Platelet activation occurs in acute cerebral infarction, and clinical trials of antiplatelet therapy have revealed the advantages of acetylsalicylic acid use in this situation (1,2). Recently, an antiplatelet agent, glycoprotein IIb/IIIa receptor antibody (ReoPro; Eli Lilly), that strongly inhibits induced platelet aggregation, has been developed for treatment of acute stroke (3). However, the effect profile of this product includes a tendency toward severe bleeding, and its use may increase the risk of intracerebral hemorrhage (4). TRA-418 is a new nonprostanoid compound (Toray Industries, Inc.) with dual action: antagonistic action on thromboxane A2 receptors and agonistic action on prostacyclin receptors (5,6). Although TRA-418 strongly inhibits platelet aggregation, this agent has not been found to lead to increased bleeding in animal studies (Toray Industries, Inc., unpublished data, 2000). Because of its weak vasodilating effect, TRA-418 can inhibit platelet aggregation without a decrease in systemic blood pressure (6). These findings suggest that TRA-418 may be a therapeutic candidate for treatment of acute stroke.
Recent clinical studies on acute stroke have revealed a discrepancy between the preclinical and clinical effectiveness of neuroprotective agents (7). This discrepancy may be due to differences between the reactions of humans experiencing stroke and of animal species used in experimental stroke models. Almost all published preclinical experiments have been performed using rodent stroke models rather than primate models, whose outcome may more closely resemble the effects we would see in humans treated for stroke. Therefore, it is important to evaluate the effects of agents in a suitable nonhuman primate model of stroke before clinical trials are initiated.

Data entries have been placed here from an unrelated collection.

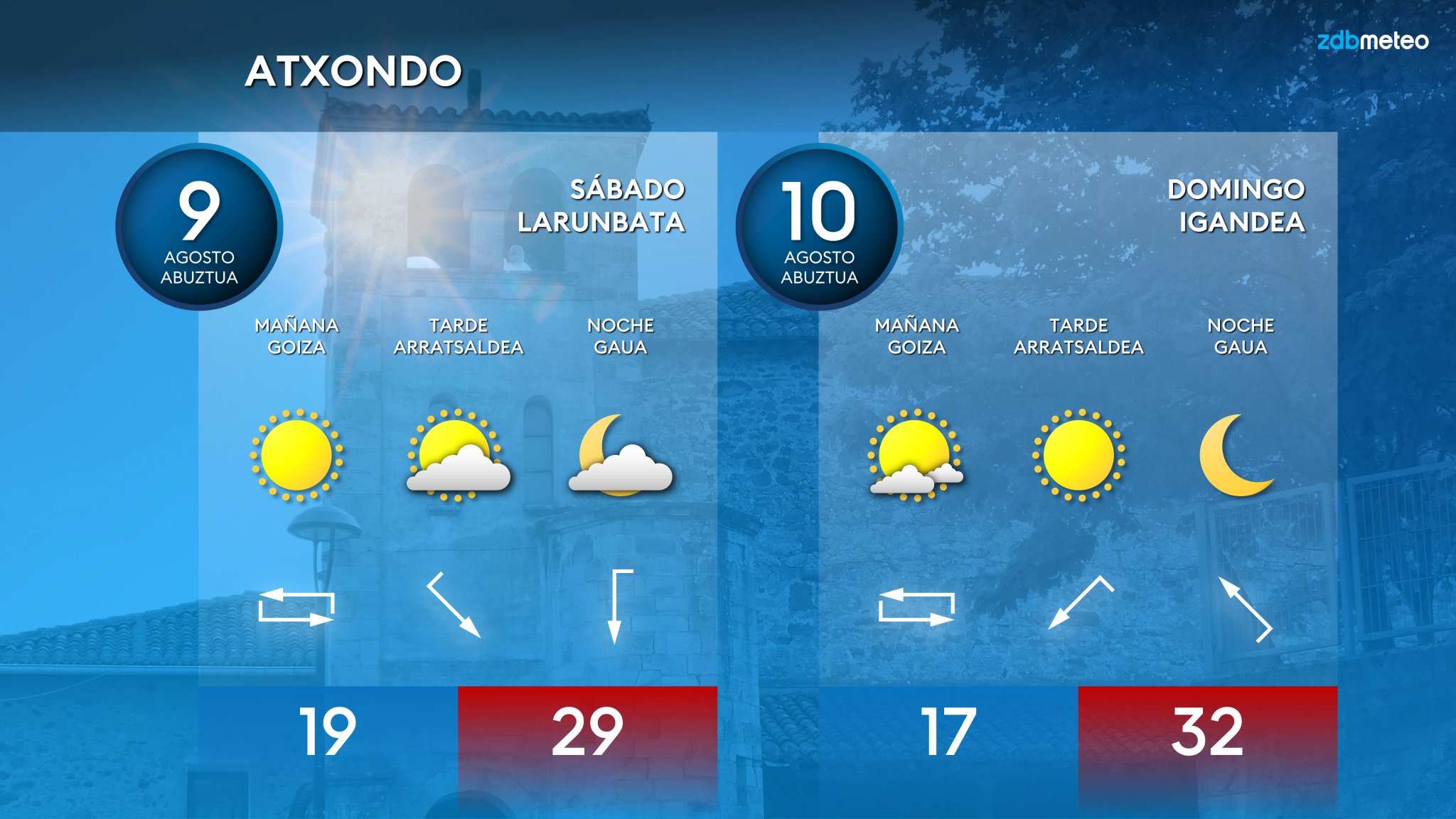 EGURALDIA | El segundo fin de semana de agosto vendrá marcado por el sol y las altas temperaturas, que rondarán los 30 grados este viernes y el sábado, mientras que el domingo podrán incluso superar los 35. Por ello, Euskalmet ha activado el aviso amarillo para los próximos días. Hoy será un día caluroso, el sábado algo menos por el viento de noroeste, pero el domingo volverán a subir. Ayer la máxima se registró en Amorebieta con 32,2 grados y en Iurreta y Otxandio con 30,3. Este viernes podrán subir algo más.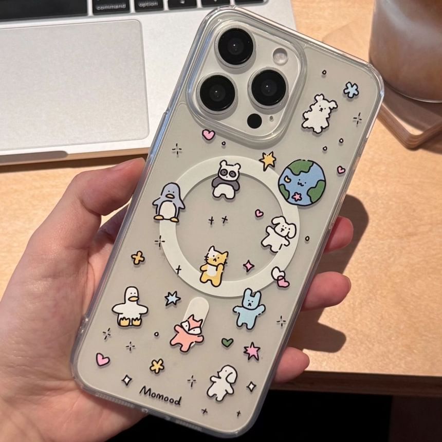 Magnetic Set Animal Earth MagSafe) Holder Case with (Compatible Card / Phone
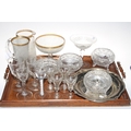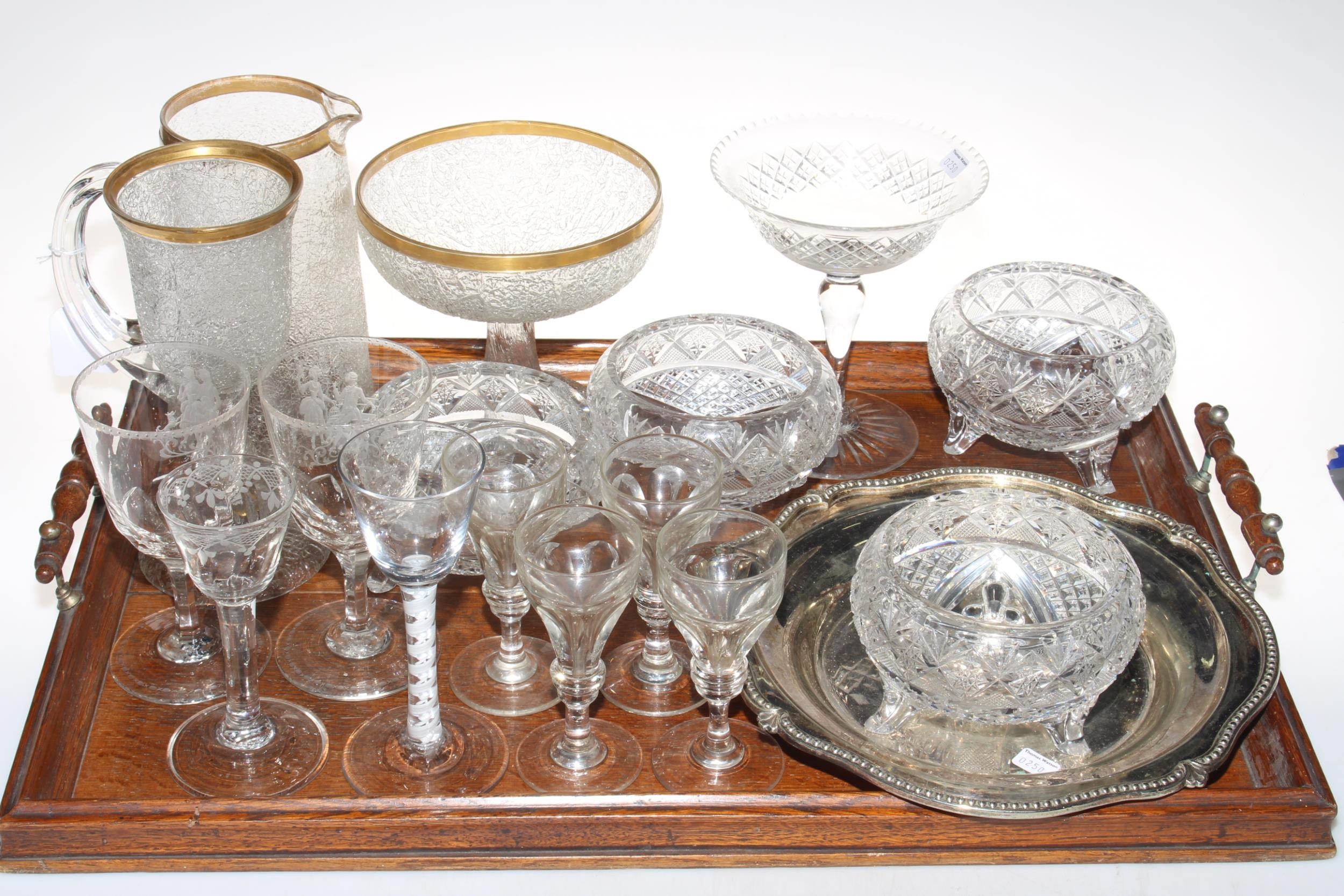 Collection of antique and later glasswares including cotton twist glass, crystal bowls, etc.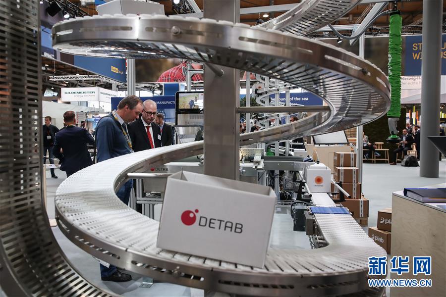 4月1日,在德国汉诺威,参观者在汉诺威工博会上观看瑞典展区展出的传送带。当日,2019年汉诺威工业博览会(工博会)正式开门迎客,并将持续至4月5日。本届工博会主题为“融合的工业——工业智能”,共吸引来自全球75个国家和地区的6500家参展商参展,参观人数预计将超过22万。 新华社记者单宇琦摄
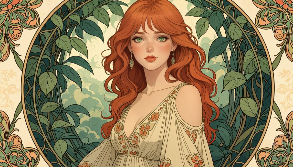 "Art like style, painting like style, (((nouveau art style)))((cozy painting style)), young women with green eyes red hair with curtain bangs, (fantasy vibes,)"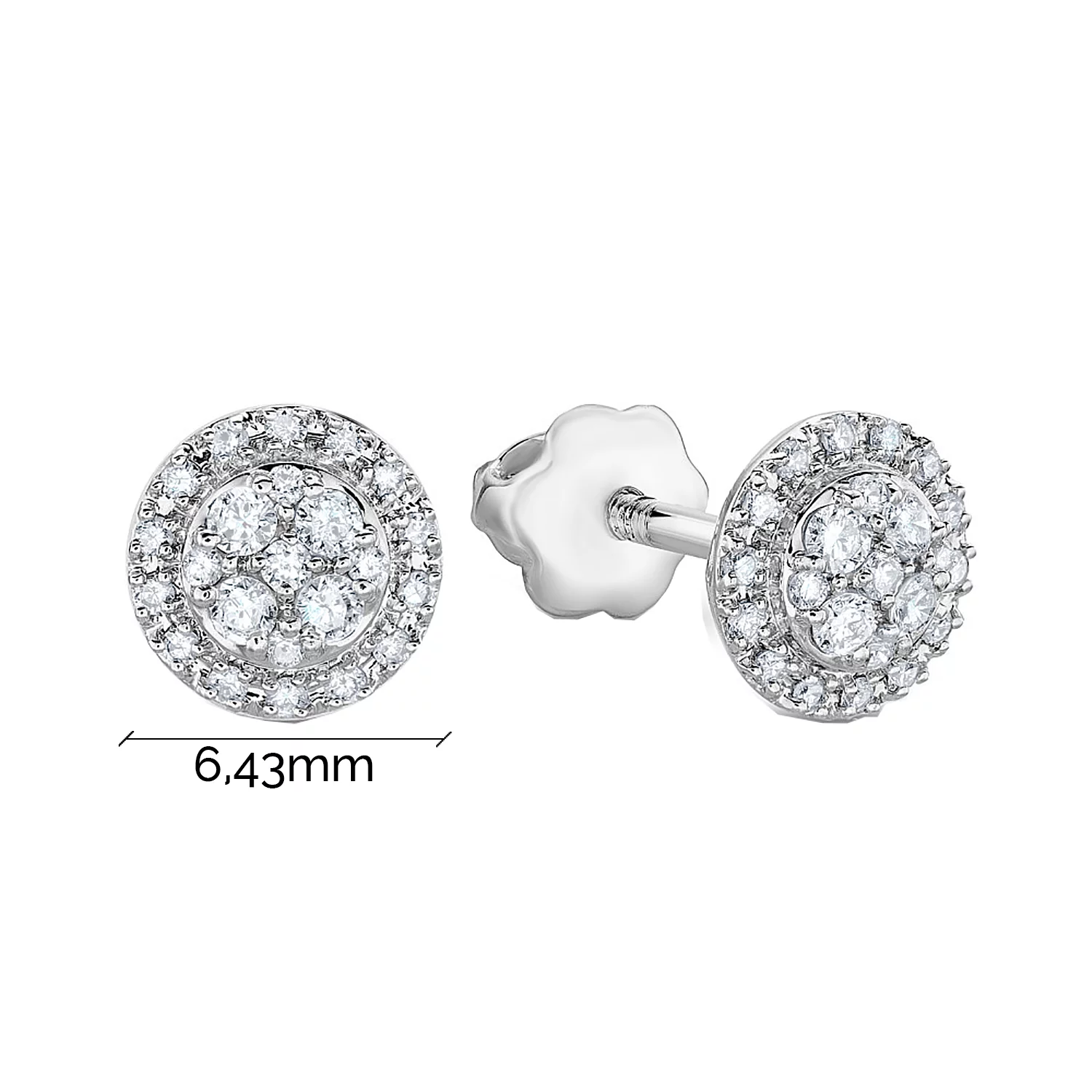 Елегантні сережки-пусети "Квіточка" у білому золоті з діамантами - 1958571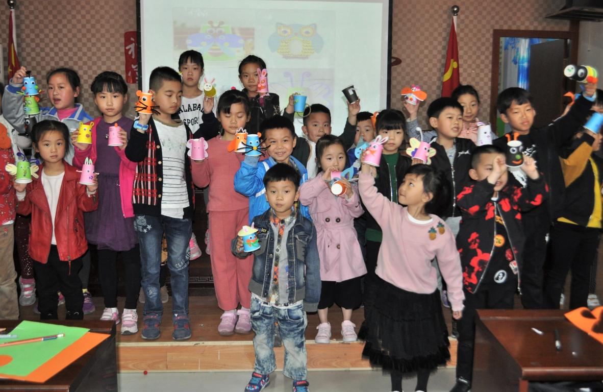 本期授课志愿者徐静同学带来了五颜六色的纸杯和各种彩纸,由志愿者和小朋友们一起将纸杯改造成各种小动物的形状。大家跃跃欲试,天马行空,有剪成蝴蝶的形状的,也有的剪出了一对兔耳朵,小朋友们的世界可真是充满了未知和梦幻!不到一个小时,大家都完成了自己的创作。从每个人的作品都能看到他们改造时的快乐,纸杯上大大的眼睛,五彩的花纹,还给纸杯接上了尾巴,更显有趣。当然,我们可不能浪费这美好的春日阳光,志愿者们带着小朋友走出礼堂玩起了户外游戏:石头剪刀布、跨步游戏、打乒乓球、摘四叶草……之后,大家又回到礼堂进行折星星的手工活动,这些星星如同来自天上,一闪一闪的,承载着美好回忆。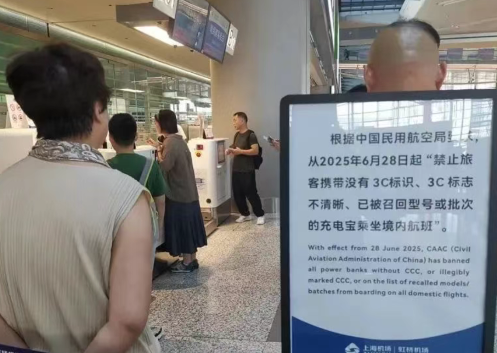On June 28, 2025, a sweeping new rule took effect at Shanghai Hongqiao Airport: travelers are no longer allowed to bring power banks without clear 3C certification labels, with unmarked or recalled models strictly prohibited on domestic flights. As soon as you set foot in the terminal, you can see the change. New signage explaining the ban is posted everywhere—from the main entrance to the check-in counters and all security lanes. Staff members stand by holding placards and offering guidance to help passengers check their power banks before reaching the security checkpoint.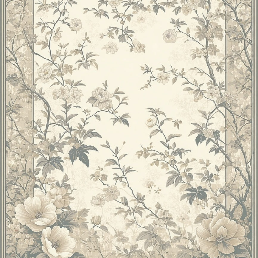 Classic Botanical in Smoke and Beige with Refined Floral Silhouettes(Beige)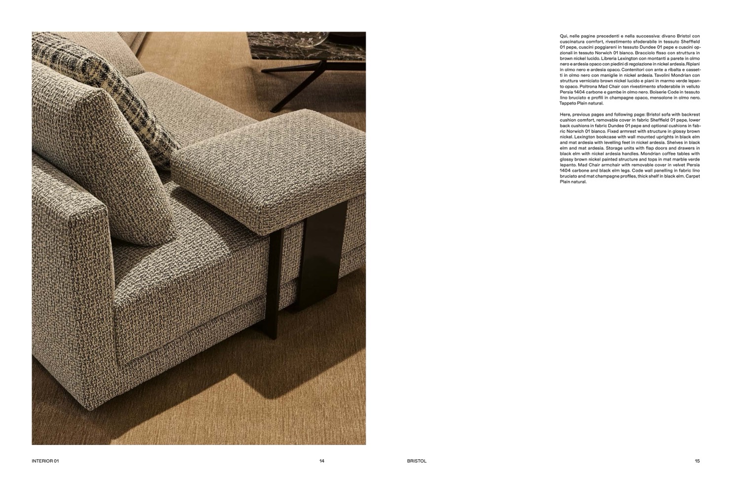 Qui, nelle pagine precedenti e nella successiva: divano Bristol con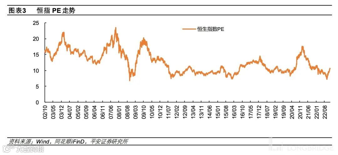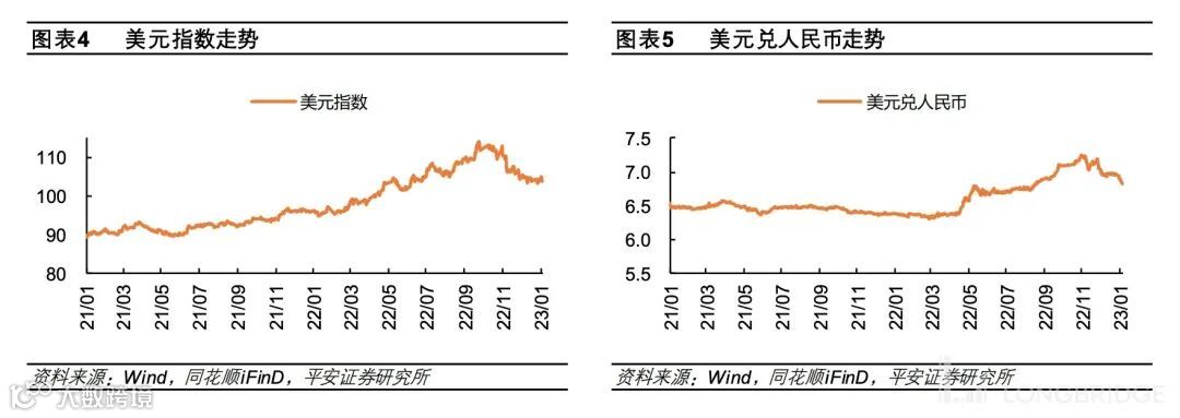 其三是从汇率面分析,在国内经济复苏而海外衰退的大背景下,美元指数回落促使人民币汇率强劲反弹,人民币汇率持续走强吸引外资增配港股。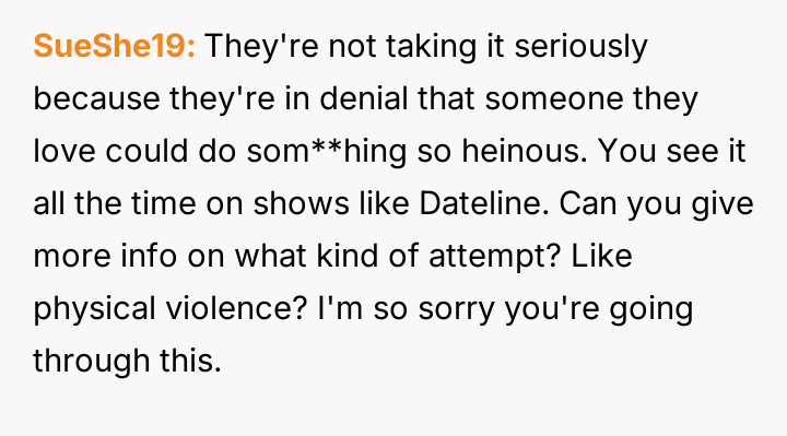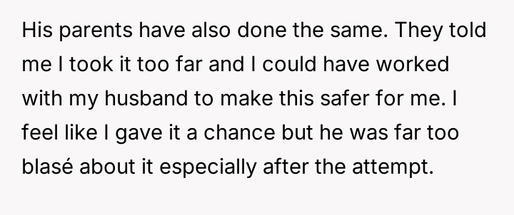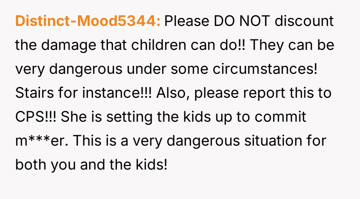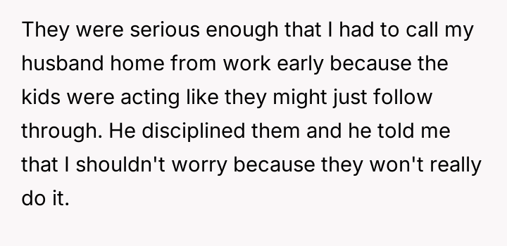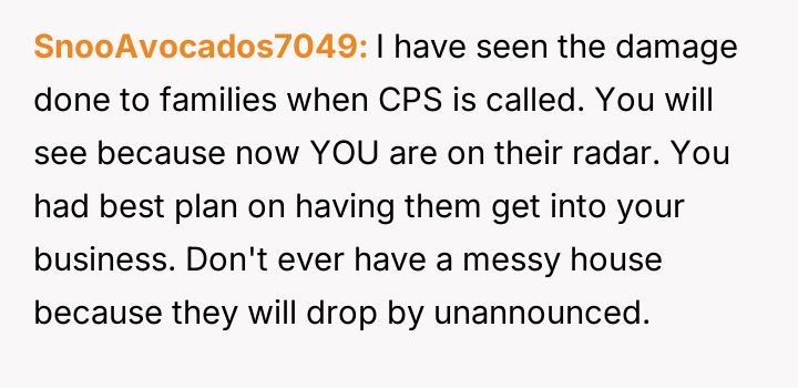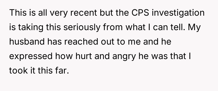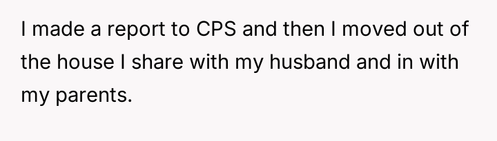 Following an attempt by the 11-year-old to act on these threats, the user reported the situation to Child Protective Services (CPS) and moved in with her parents, leaving her husband in doubt about her decision.

PET has proven to be a powerful tool with which to investigate the pathophysiology of stroke (8,9). We have demonstrated that PET studies in monkey models of stroke were useful for characterization of the acute phase of cerebral ischemia and for investigation of the effects of neuroprotective agents (8,9). In the present study, we used PET to investigate the neuroprotective effect of TRA-418 in a monkey model of stroke.
MATERIALS AND METHODS
Animal Preparation
The studies were performed on 18 male cynomolgus monkeys (Macaca fascicularis; Clea Japan, Inc.) with body weights ranging from 4.29 to 6.61 kg. All experiments were performed in accordance with the institutional guidelines of the Central Research Laboratory of Hamamatsu Photonics.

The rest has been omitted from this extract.